MWG-MRR188: Gives staff the option to include up to 100% of instantaneous load capacity (as opposed to the current 0% of capacity) in clearing the day-ahead market, an effort to minimize the gap between day-ahead and real-time energy prices. The motion received nine abstentions.
MWG-MRR193: Adds rules for solar resources to the market protocols and Tariff, including incorporating a solar forecast in SPP studies, increasing the solar forecast’s accuracy and including solar resources in dispatchable variable energy resource registration. Nebraska Public Power District cast an opposing vote, contending behind-the-meter generation would be required to register in the market should their loads change and they end up injecting power onto the system.
BPWG-RR123: Removes obsolete language and clarifies SPP’s current practices for short-term service requests and the system impact study process.
MWG-MRR178: Specifies that SPP’s Market Monitoring Unit will review the costs included in each mitigated resource offer, on an ex-post basis.
MWG-MRR179: Aligns the protocols with FERC-approved language (ER15-2265) ensuring long-term congestion rights are not affected by potential resource hub terminations, and that resource hubs used in bilateral contracts can’t be unilaterally terminated by the hub’s owner.
MWG-MRR181: Corrects outdated references in the Tariff and protocols related to the allocation of annual auction revenue rights, an oversight noted by FERC (ER16-13).

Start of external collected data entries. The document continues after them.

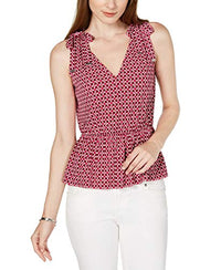 Michael Kors Petite Printed Tie-Shoulder Top (Deep Fuchsia/Garnet, P/XS)
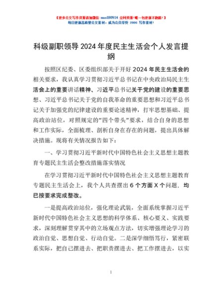 / 科级副职领导2024年度民主生活会个人发言提纲
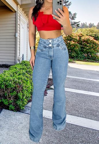 • Style:Fashion bell bottom jeans. Perfect for modern fashion with a basic blouse, shirt,tank top, crop top, jacket, pullover sweater, sweatshirt, outwear coat and heels.
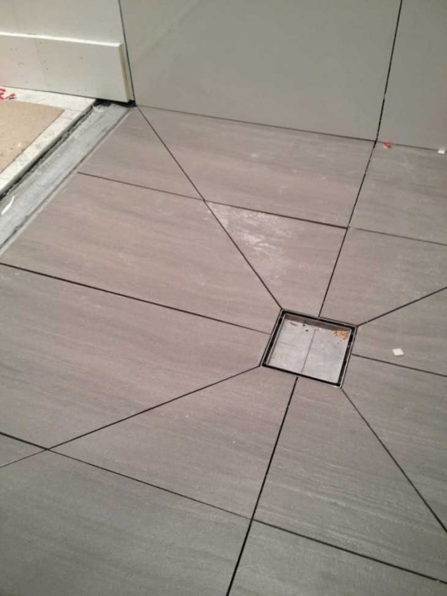 Обычно напольная плитка укладывается от центра к стенам, и работу начинают от стены противоположной от двери. Кафель кладут горизонтальными рядами снизу вверх.
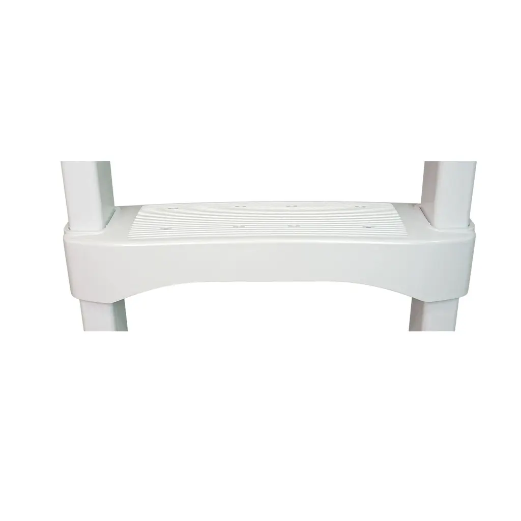 Set up an easy way to enter and exit your pool safely and securely with the Vinyl Works SLD2 In-Pool 4-Step Ladder. Built specifically for 60-inch sidewalls in above-ground or in-ground pools, this resin and aluminum swimming pool ladder supports users up to 300 pounds to safely guide them in and out of your pool. This Vinyl Works ladder is ultra stable. The pool ladder features ergonomic, 31.5-inch tall aluminum handrails allow you to ease into the water comfortably and an 11.75-inch tread rises between steps so kids can also feel confident when climbing out of the pool. The last of the 4 treads sits a few inches above the anti-slip base that can be bolted to the pool surface for added stability. The parts are all built to snap and lock together for easy assembly. When the weather gets cold and it's time to cover your backyard swimming pool, this ladder can be deconstructed just as easily and stored away until more sunny days return. Standing up to corrosion from weather and wear, the SLD2 In-Pool Ladder for 60-Inch Pools from Vinyl Works is the maintenance free way to make your in-ground or above-ground pool more accessible. Protect your liner for scratches made by your ladder with this Hydro Tool Swimline 9 x 24-inch floor protective mat. The protective mat eliminates scratching and chaffing caused by ladder. It as a cushion between ladder base and pool liner and protects pool liner from damage caused by ladder base. Great for inflatables, above-ground or in-ground swimming pools! 4-Step Ladder for 60-Inch Swimming Pool Walls, White Aluminum rail and resin step pool ladder use in-ground or above ground pools Built for pools with a wall height of 60 inches Heavy-duty premium resin material resists corrosion to stand up to water and the elements Ergonomic, 31.5-inch tall aluminum handrails allow you to ease into the water comfortably Kids can also use the ladder easily with the 11.75-inch tread rise Bottom tread sits above the anti-slip base that can be bolted to the pool surface Prefabricated parts snap together making assembly and installation simple for any pool owner 300-pound weight capacity on each step guarantees it can hold up for years Product Type: Pool ladder Type: In-pool ladder Material: Resin and aluminum Weight capacity: 300 pounds Color: White Hydro Tools Swimline 87951 9x24-Inch Vinyl Protective Swimming Pool Ladder Mat Acts as a cushion between ladder base and pool liner Protects your pool liner from damage caused by ladder base Eliminates scratching and chaffing caused by ladder Great for inflatables, above-ground or in-ground swimming pools Color: Blue Dimensions (L x W): 9 x 24 inches Part number: 87951

MWG-MRR182: Removes the term “control area,” which is no longer used by SPP, from the market protocols.
MWG-MRR184: Exempts resources from charges when they clear the day-ahead market with real-time meter readings of zero following either decommitment by SPP or dispatch to zero.
MWG-MRR185: Clarifies which document — SPP Planning Criteria or SPP Operating Criteria — is referenced when used in the market protocols and Tariff.
ORWG-RR168: Requires transmission owners to provide the highest available emergency ratings and specifies SPP’s interpretation of those ratings.
RTWG-RR176: Corrects and clarifies the responsibilities and requirements under the process that allows generation resources to be compensated for reactive support.
TWG-RR174: Revises Attachment AQ of the Tariff to no longer require transmission customers to submit a request for changes in delivery point facilities without a corresponding change in load.